Published: December 13, 2024
DOI: 10.5281/zenodo.14450747
License: CC BY 4.0

Summary

Much progress continues to be made in deep learning structure prediction methods, such as AlphaFold 3 (AF3), RoseTTAFold All-Atom, and Boltz-1. Here, the authors provide a new open-source structure prediction model called Chai-1 that is claimed to perform better than AF3 and RoseTTAFold All-Atom in predicting structures from sequences. Additionally, it provides input channels to constrain predictions based on experimental data such as XL-MS data. For single-sequence predictions, Chai-1 has an additional input channel for residue embeddings from protein language models to ensure accurate widespread predictions. Constraint features such as pocket and docking constraints were also added to mimic experimental constraints. For multimer protein folding predictions, Chai-1 seems to excel with multiple sequence alignments (MSAs) and even without MSAs or structural templates in single-sequence mode. However, it is unclear what the paper's main thesis is if the main goal is to fill a gap in the need for an open-access structure prediction software prediction protein modeling software or a better-performing software that works without MSAs or structural templates. This should be emphasized in the introduction and conclusion.

This paper provides an important prediction model that is a more accessible alternative to AF3 while also providing additional input features. Although this paper does a good job of introducing the model, the Chai-1 algorithm itself is poorly explained, with a lack of detail presented on its novel structure. Additionally, we examined Chai-1’s web interface version and found it intuitive and direct to use.

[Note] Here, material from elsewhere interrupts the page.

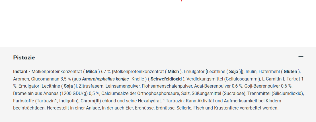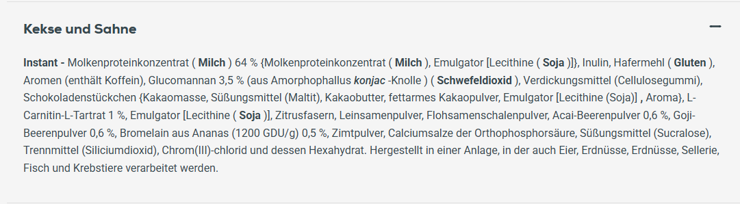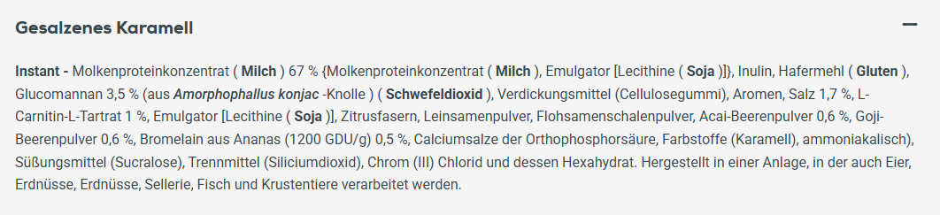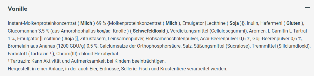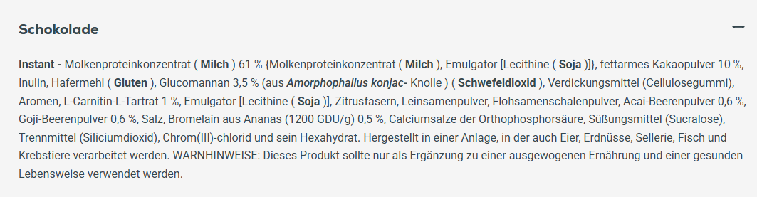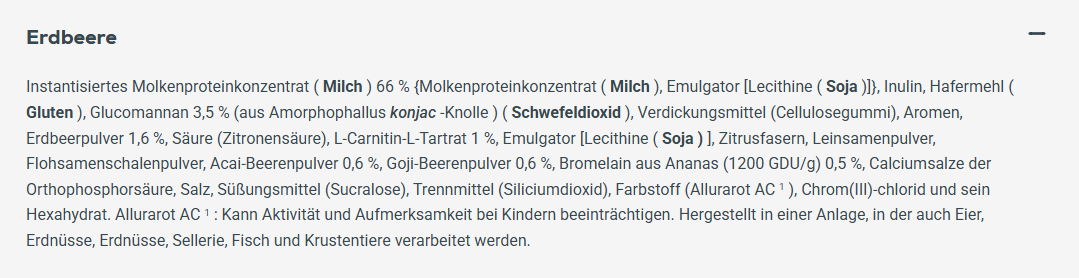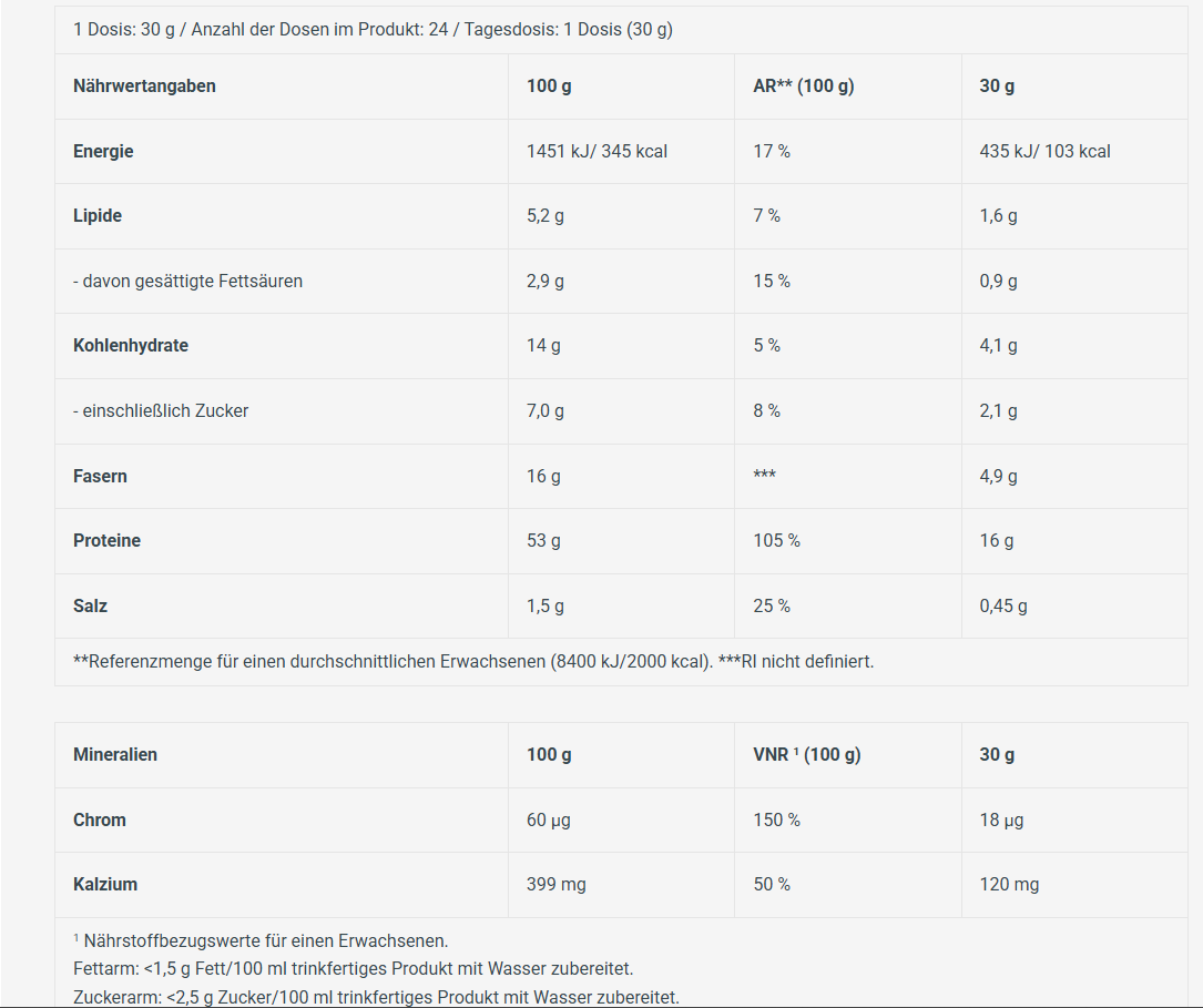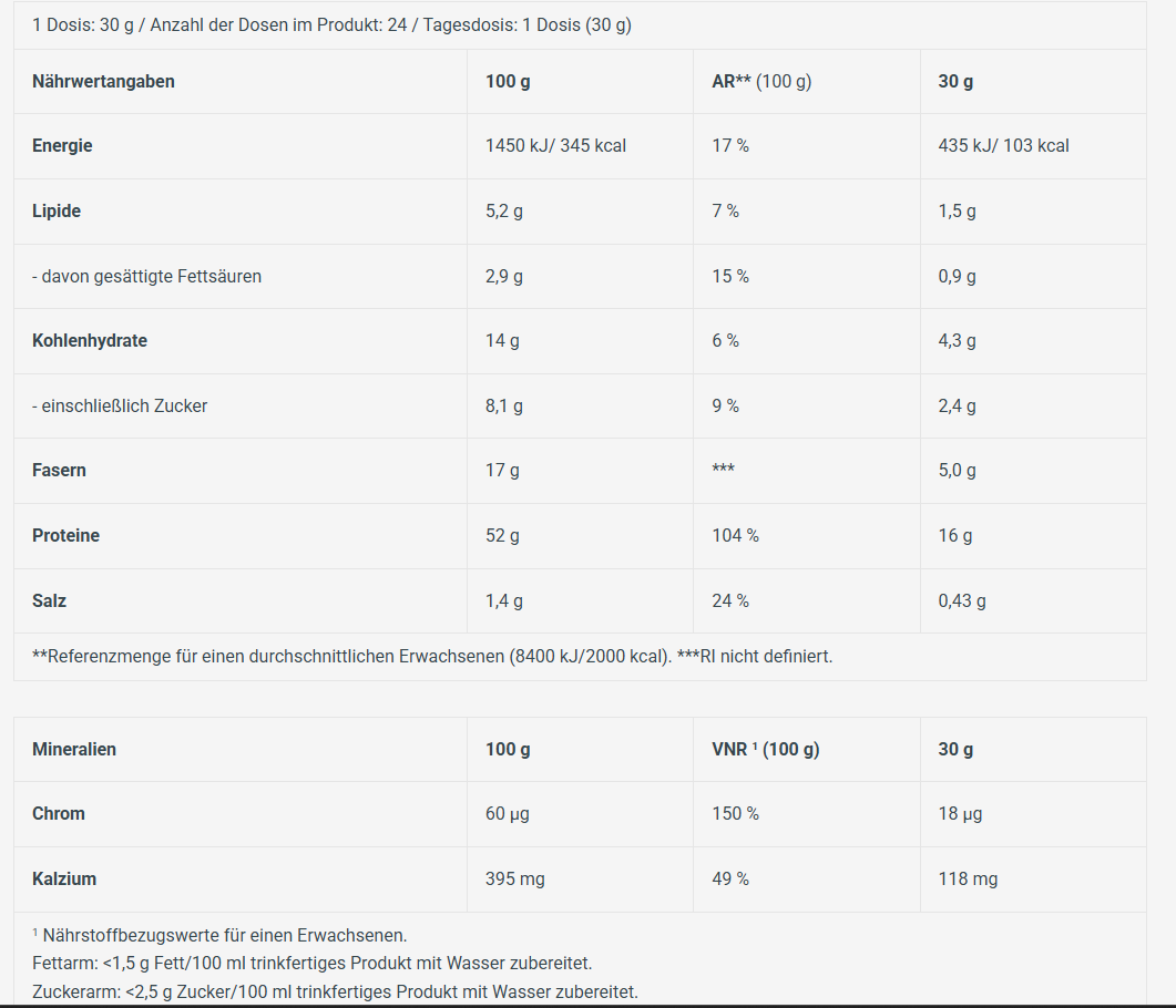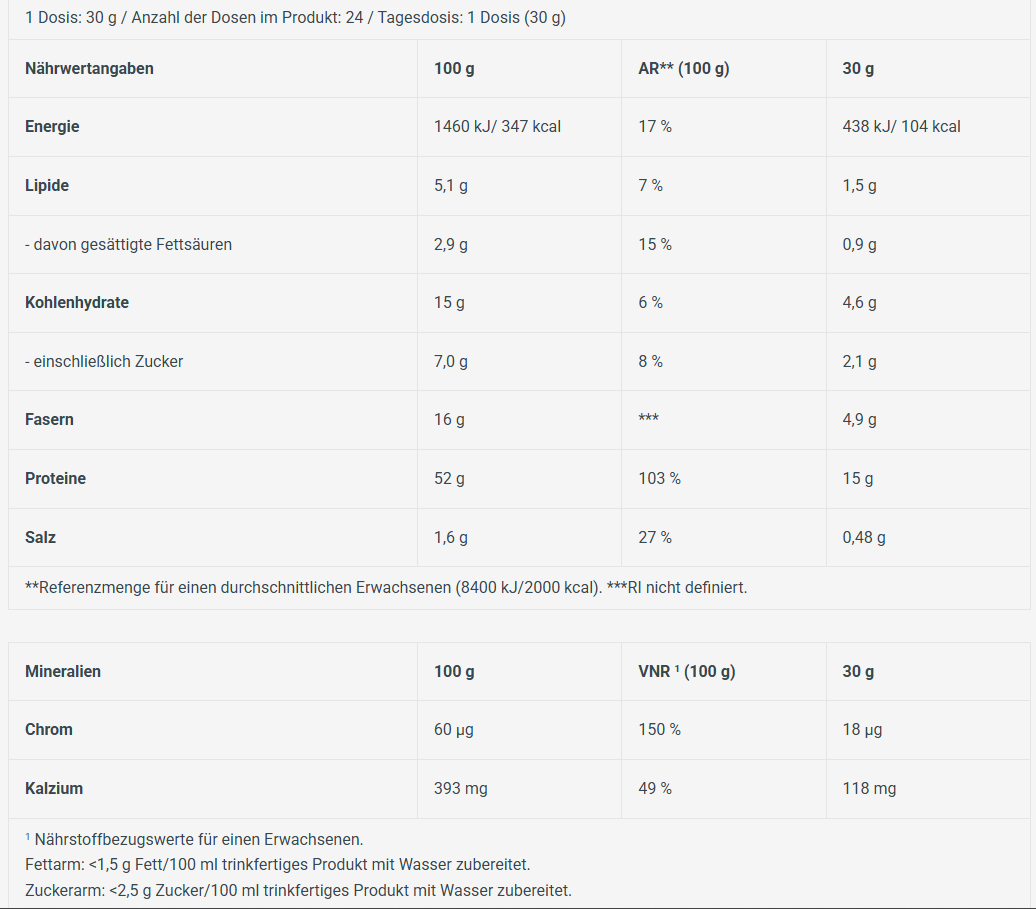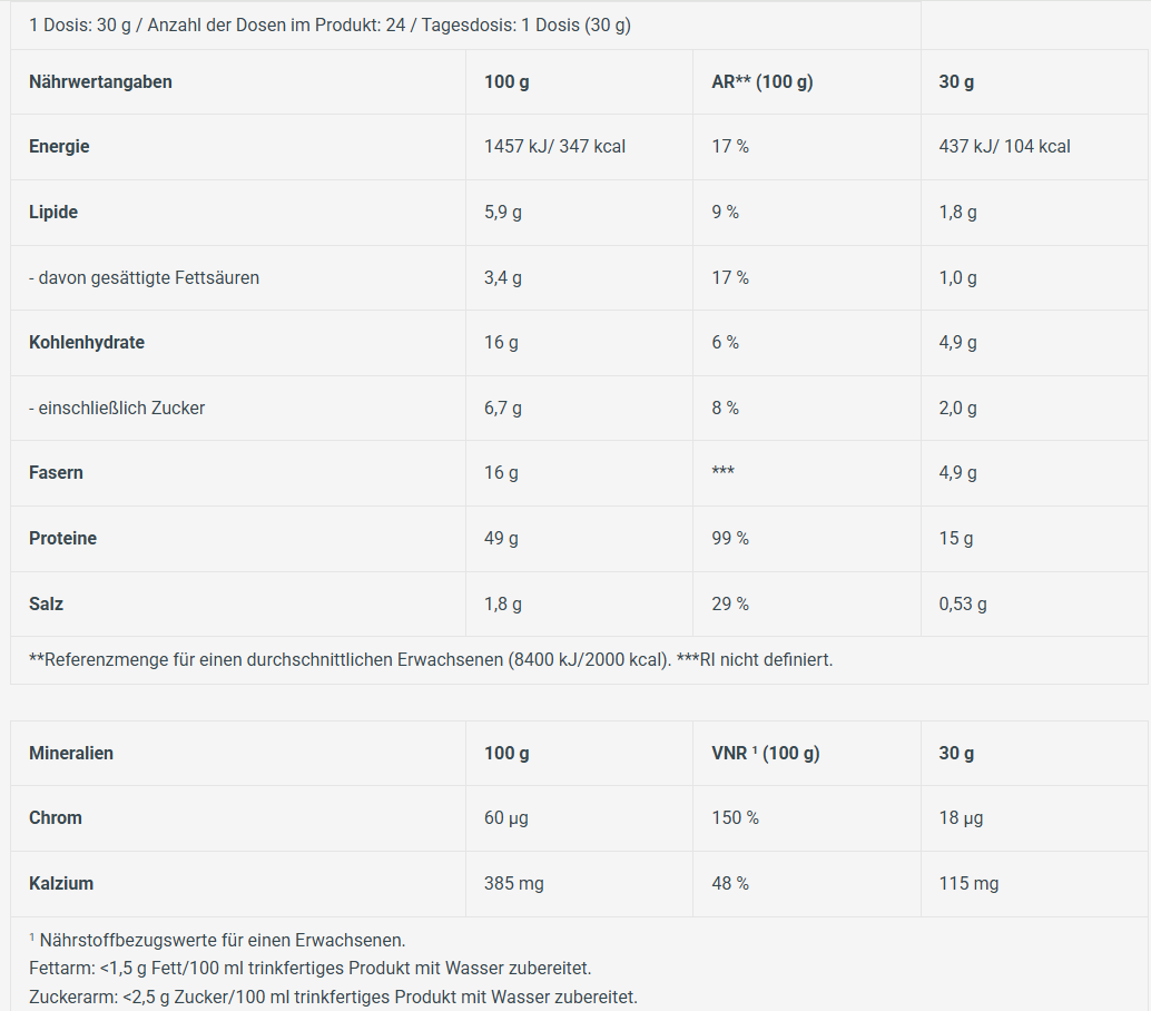 Das Produkt enthält Koffein [10 mg Koffein/Portion (3,3 mg Koffein/100 ml trinkfertiges Getränk)]. Für Kinder und schwangere Frauen nicht empfohlen. Dieses Produkt sollte nicht als Ersatz für eine ausgewogene, abwechslungsreiche Ernährung und gesunde Lebensweise verwendet werden. Produkt außerhalb der Reichweite von kleinen Kindern aufbewahren. Kühl und trocken lagern.

Finally, we believe that all publicly available protein prediction models, including AF3, should be made truly open source to help make improvements within the field and foster discoveries without the burden of convoluted and restrictive use licenses. Chai-1 thus makes a step in the right direction: “We release Chai-1 model weights and inference code as a Python package for non-commercial use and via a web interface where it can be used for free, including for commercial drug discovery purposes,” under an Apache license.

Major Comments

1) Since the publishing of this preprint, Boltz-1 (doi: https://doi.org/10.1101/2024.11.19.624167) has been released. Similar to Chai-1, its stated mission and structure are very similar. The authors of Boltz-1 have compared their model to Chai-1 and claimed comparable, and sometimes better, performance. The authors of Boltz-1 have also committed to “releasing the training and inference code, model weights, datasets, and benchmarks” under an MIT license. Additionally, DeepMind has finally released its weights behind AlphaFold 3, albeit at request, (https://www.nature.com/articles/d41586-024-03708-4). Therefore, new benchmarks can now be run for a true head-to-head comparison between each model.

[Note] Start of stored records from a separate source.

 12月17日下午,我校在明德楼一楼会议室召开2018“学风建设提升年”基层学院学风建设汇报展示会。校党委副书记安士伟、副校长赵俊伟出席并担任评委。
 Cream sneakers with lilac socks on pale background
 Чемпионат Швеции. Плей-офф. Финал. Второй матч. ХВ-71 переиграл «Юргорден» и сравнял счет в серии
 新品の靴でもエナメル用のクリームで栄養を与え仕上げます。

We believe, prior to publishing, the authors should review and comment on the performance of Boltz-1 to Chai-1 and the model structures broadly.
New benchmarks should be run between Chai-1, AF3, and Boltz-1 where applicable.

2) We believe the introduction needs an explanation of the current field of modeling, the gap that Chai-1 aims to improve, and the unique characteristics that Chai-1 possesses in predicting structures. It would be helpful to format the introduction by funneling from the current relevant protein modeling software, such as AlphaFold 3 and Rosetta, and pointing out how these are not open access, rely on MSAs, etc., to highlight the need for more accessible modeling software.

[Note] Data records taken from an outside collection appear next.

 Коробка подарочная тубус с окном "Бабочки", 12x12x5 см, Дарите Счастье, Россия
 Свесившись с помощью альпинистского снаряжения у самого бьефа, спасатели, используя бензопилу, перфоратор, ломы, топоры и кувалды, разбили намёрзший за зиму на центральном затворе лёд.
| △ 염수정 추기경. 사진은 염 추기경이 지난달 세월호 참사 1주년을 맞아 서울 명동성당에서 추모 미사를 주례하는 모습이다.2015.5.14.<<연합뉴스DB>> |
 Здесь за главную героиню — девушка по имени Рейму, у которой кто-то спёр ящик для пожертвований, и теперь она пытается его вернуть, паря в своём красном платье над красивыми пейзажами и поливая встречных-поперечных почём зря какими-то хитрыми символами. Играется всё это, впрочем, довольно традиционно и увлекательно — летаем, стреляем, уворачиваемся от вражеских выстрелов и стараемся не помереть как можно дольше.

3) Abramson et al. is repeatedly mentioned to reference the model architecture and training strategy used. However, nothing further is explained. Please provide a brief in-text explanation to outline the algorithm implemented by Abramson et. al. at the end of the introduction.

4) In section 2.2 of protein-ligand prediction, the authors state that structures with greater than 2048 tokens were cropped to the 2048 closest tokens to the ligand binding site.

a) Why is this the cutoff since we presume many sequences would exceed this token cutoff?

b) When users encounter this issue, how would you suggest going about it? Have the authors tested with more tokens and if so, what are the results like?

c) Are 2048 tokens the maximum token limit for Chai-1? Would increasing this to the level of AF3 be beneficial to Chai-1?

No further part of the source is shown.